The modern enterprise attack surface doesn’t just include resources within a ring-fenced network, but in all apps and services, traversing through the cloud and networks’ edge. That includes email, too.

Today, email and brand protection provider Red Sift announced it has acquired attack surface management (ASM) provider, Hardenize, after Red Sift raised $54 million in series B funding earlier this year in an attempt to include email under the banner of the attack surface.

As a solution, the Red Sift Platform provides inbound and outbound email protection, blocking email impersonation attacks, while enabling users to take down lookalike domains, and with Hardenize’s technology, to control risks targeting other internet-facing assets.

The acquisition will enable Red Sift to enhance its existing email security solutions, not just protecting an organization’s email environment, but also expanding to protect the wider assets and infrastructure, to help organizations understand their critical attack surface. 

Bringing email under the banner of attack surface management

Red Sift’s acquisition highlights that the attack surface continues to grow, to the point where siloed and disjointed security tools aren’t enough to protect modern enterprises from threat actors.

This appears to be something that enterprises are well aware of, with research showing that external attack surface management is the number one investment priority for large enterprises in 2022.

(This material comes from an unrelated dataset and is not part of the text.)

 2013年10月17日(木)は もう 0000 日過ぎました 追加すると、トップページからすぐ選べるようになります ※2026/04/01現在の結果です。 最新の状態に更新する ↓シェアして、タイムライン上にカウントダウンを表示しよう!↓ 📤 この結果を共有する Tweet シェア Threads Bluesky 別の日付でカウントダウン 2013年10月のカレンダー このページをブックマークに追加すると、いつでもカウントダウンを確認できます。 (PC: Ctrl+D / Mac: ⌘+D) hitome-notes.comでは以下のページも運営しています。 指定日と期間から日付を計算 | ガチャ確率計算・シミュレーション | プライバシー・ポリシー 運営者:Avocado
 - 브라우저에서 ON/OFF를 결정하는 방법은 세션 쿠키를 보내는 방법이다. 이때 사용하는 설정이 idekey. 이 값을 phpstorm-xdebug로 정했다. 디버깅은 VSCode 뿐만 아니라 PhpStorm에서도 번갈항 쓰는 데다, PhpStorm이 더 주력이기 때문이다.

When considering that 7 in 10 organizations have been compromised via an unknown, unmanaged, or poorly managed internet-facing asset in the past year, it’s clear that protecting internet-facing assets is a pain point for many companies.

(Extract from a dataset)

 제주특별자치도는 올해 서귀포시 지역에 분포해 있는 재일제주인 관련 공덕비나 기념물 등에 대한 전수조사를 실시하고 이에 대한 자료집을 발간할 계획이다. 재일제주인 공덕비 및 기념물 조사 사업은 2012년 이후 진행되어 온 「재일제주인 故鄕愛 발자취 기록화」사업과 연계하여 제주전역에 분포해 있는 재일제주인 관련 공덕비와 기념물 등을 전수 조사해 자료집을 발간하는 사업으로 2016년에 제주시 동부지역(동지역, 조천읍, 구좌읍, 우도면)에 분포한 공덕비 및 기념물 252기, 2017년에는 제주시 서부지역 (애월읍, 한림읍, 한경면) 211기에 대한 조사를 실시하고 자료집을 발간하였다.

“This move gives us the capability to do more for cybersecurity than we ever have before, elevating the breed of solution available to enterprise businesses for full attack surface management and resilience,” said Red Sift founder and CEO, Rahul Powar. 

By acquiring Hardenize, Red Sift is attempting to bring email security under the banner of attack surface management. It’s an approach that Powar believes will enable “enterprise customers to see their full attack surface, solve the issues at hand, and secure their valuable assets in an ever-evolving threat continuum.” 

The attack surface management market 

The attack surface management market falls loosely within the broader purview of the security and vulnerability management market, which researchers valued at $13.8 billion in 2021, and anticipate will reach $18.7 billion by 2026, as more organizations look to eliminate potential entry points into their environments. 

Out of the attack surface management vendors making waves, one of the most significant is Randori, which was acquired by IBM earlier this year for an undisclosed amount. 

Randori’s platform is cloud based and automatically begins identifying assets like services, IPs, domains, networks and hostnames, and provides security teams with an accurate risk assessment. 

Another key player in the market is CyCognito, which raised $100M in series C funding in December 2021. CyCognito’s platform can automatically discover assets while offering contextualized risk mapping so that users can accurately understand their environment’s risk posture. 

The key differentiator between Red Sift and these competitors is that it now adds email to the external attack surface. 

“We believe the market has missed an opportunity to include one of the greatest attack vectors there is — email — into its traditional definition of ASM. By acquiring Hardenize and incorporating their ASM capabilities into our existing email- and domain-security focused platform, we have an opportunity to start a new conversation,” Powar said.